> [Requirement] Reproduce verbatim all of the data given below, but do not carry over the images.

========

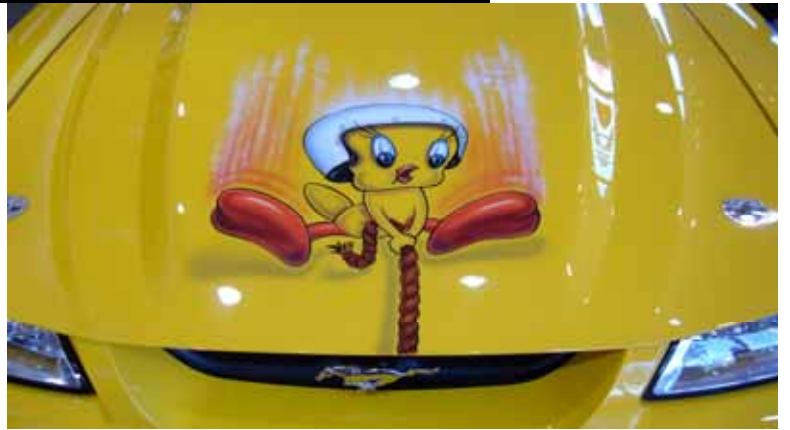
TWEETY BIRD 06 MUSTANG – ROXANNE SHEPARD
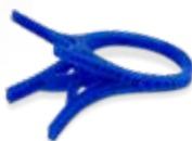
Visijet M3 Hi-Cast

Print sharp edges, extreme crisp details and smooth surfaces with high fidelity. ProJet MJP wax printers are ideal for intricate precision jewelry pieces manufacturing with reduced metal hand polishing.
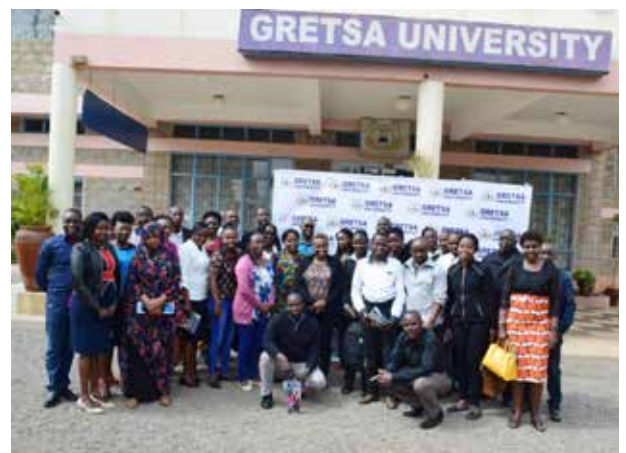
A photo of the participants of Koha LMS Workshop
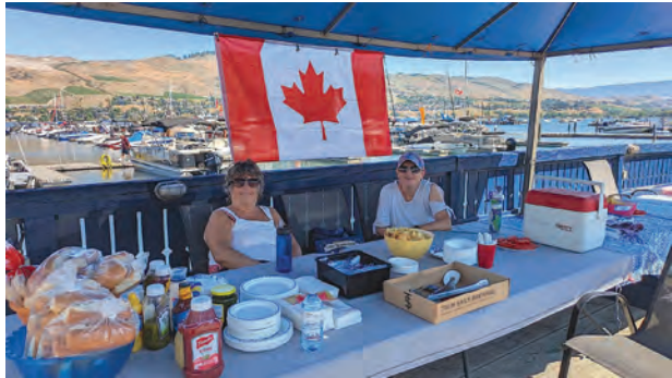
Holding Down The Fort For Canada Day Pot Luck

Canada Day dawned hot and windless, the kind of day when the lake looks more like glass than water. Still, fifteen boats and thirty-five hopeful skippers and crew gathered at VYC for a day of food, fun, and a little friendly competition. The festivities began ashore with a smokie and potluck BBQ, followed by boat decorating that turned the docks into a floating sea of red and white.
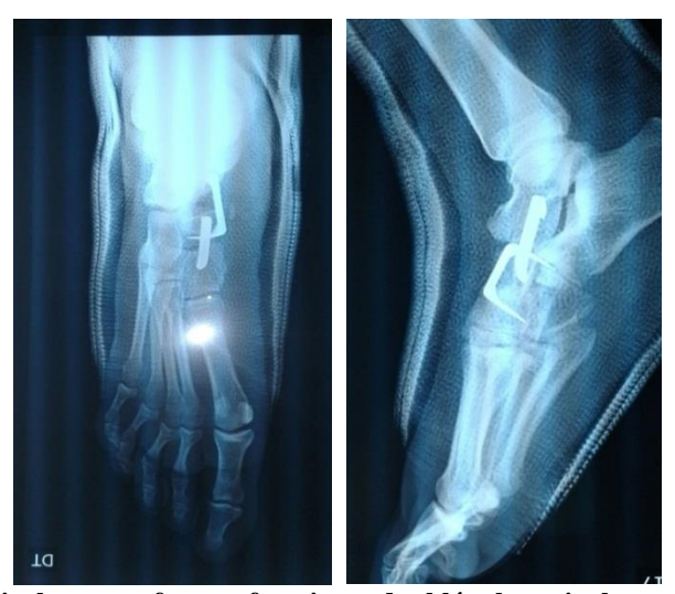
Fig-3: postoperative radiological aspect after performing a doublé talonavicular and naviculocuneal arthrodesis
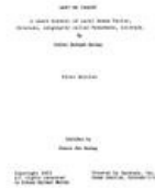
Lest We Forget: A Short History of Early Grand Valley, Colorado, Originally Called Parachute, Colorado

Independent Lumber Company Records (1982.101)
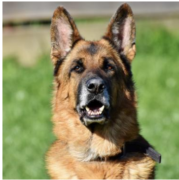
This photo has shadows on one side of the face and the sun is catching his left eye making it look a different colour.
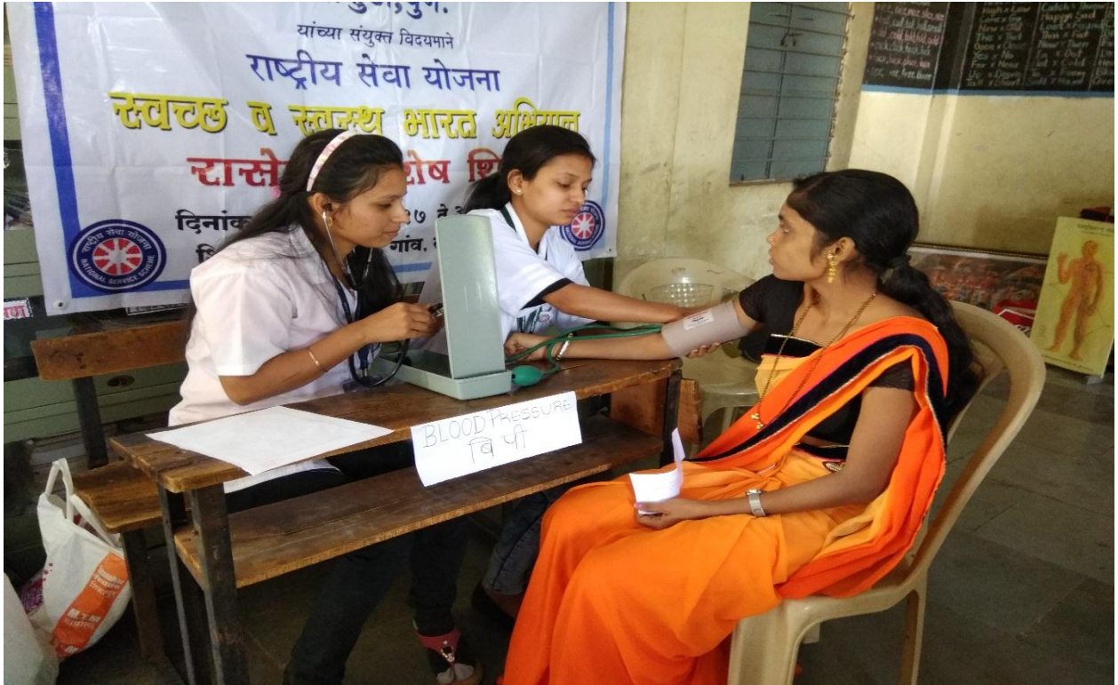
Helping the villagers keep up with their sound health, through the health check-up camp, Kanhegaon
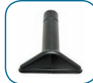
10-0031 5" Upholstery Tool
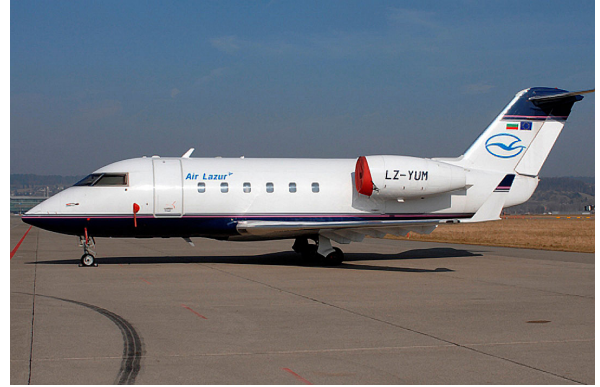
Challenger 600 Intake Covers
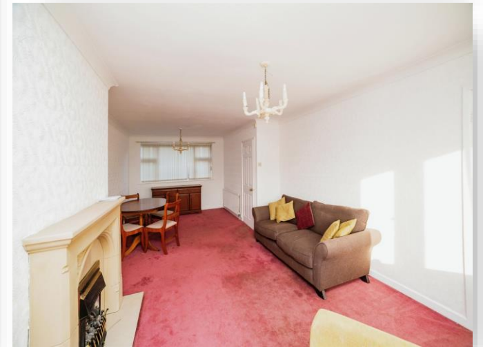
Holywell Lane, Conisbrough Doncaster DN12 2BP

========

> [Task solution]
TWEETY BIRD 06 MUSTANG – ROXANNE SHEPARD
Visijet M3 Hi-Cast

Print sharp edges, extreme crisp details and smooth surfaces with high fidelity. ProJet MJP wax printers are ideal for intricate precision jewelry pieces manufacturing with reduced metal hand polishing.
A photo of the participants of Koha LMS Workshop
Holding Down The Fort For Canada Day Pot Luck

Canada Day dawned hot and windless, the kind of day when the lake looks more like glass than water. Still, fifteen boats and thirty-five hopeful skippers and crew gathered at VYC for a day of food, fun, and a little friendly competition. The festivities began ashore with a smokie and potluck BBQ, followed by boat decorating that turned the docks into a floating sea of red and white.
Fig-3: postoperative radiological aspect after performing a doublé talonavicular and naviculocuneal arthrodesis
Lest We Forget: A Short History of Early Grand Valley, Colorado, Originally Called Parachute, Colorado

Independent Lumber Company Records (1982.101)
This photo has shadows on one side of the face and the sun is catching his left eye making it look a different colour.
Helping the villagers keep up with their sound health, through the health check-up camp, Kanhegaon
10-0031 5" Upholstery Tool
Challenger 600 Intake Covers
Holywell Lane, Conisbrough Doncaster DN12 2BP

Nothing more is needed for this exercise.